Can't tell you how many gravestones I mowed around. Go down the right side, make an 'L' cut, and then do another 'L' cut on the way back down the row of stones. Good hard work. Toughened us up quite a bit. Made us some money, besides. Joe was kind of everybody's firm but fair uncle. None of us kids were ever touched. And when Hurricane Agnes ripped through Northeastern Pennsylvania, the Methodist Church was on lower ground and got flooded. After we moved away, I went back to PA in the summer between Jr and Sr year of high school (with the plane ticket I bought, using my Perkins and McDonald's money), and as our house hadn't yet sold, and it was becoming an overgrown eye-sore that I cleaned up. Joe let me borrow his 3-on-the-tree Ford F-150 to haul away the yard waste.
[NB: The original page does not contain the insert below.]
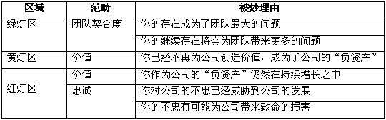 红灯区:高度危险区域,被炒概然率百分之百。进入此区域者,不要再有任何侥幸心理,趁早打包走人,免得两厢难堪。

I then abused the privilege by taking the girl with whom I was hopelessly and unrequitedly smitten on a shopping trip to Scranton. Bought her some perfume. Got in big trouble for taking the truck on a 30-mile road trip! Just a few stern words and the shame of letting Joe down.
But what could they do? I was just-turned 16, the year before, my folks were 2500 miles away, and although I was supposed to stay with the Methodist preacher (whose daughter held my heart), what could HE do if I too koff and did as I pleased? I pissed EVERYbody off on THAT trip, including the girl. sigh
During the flood, the Whole Town went to the Catholic Church just up the hill (Across from Kintner Milling Co.) from the Methodist Church. Those joint services were the best. Father Gallagher and Pastor Stork took turns talking and praying with us, everybody had a good time in tough times, and thought nothing of it, other than the prayer benches for your knees and the real wine that the Catholics used (and we boys might sneak in and take a few swigs of, when we were mowing the church grounds and some fool left the door open!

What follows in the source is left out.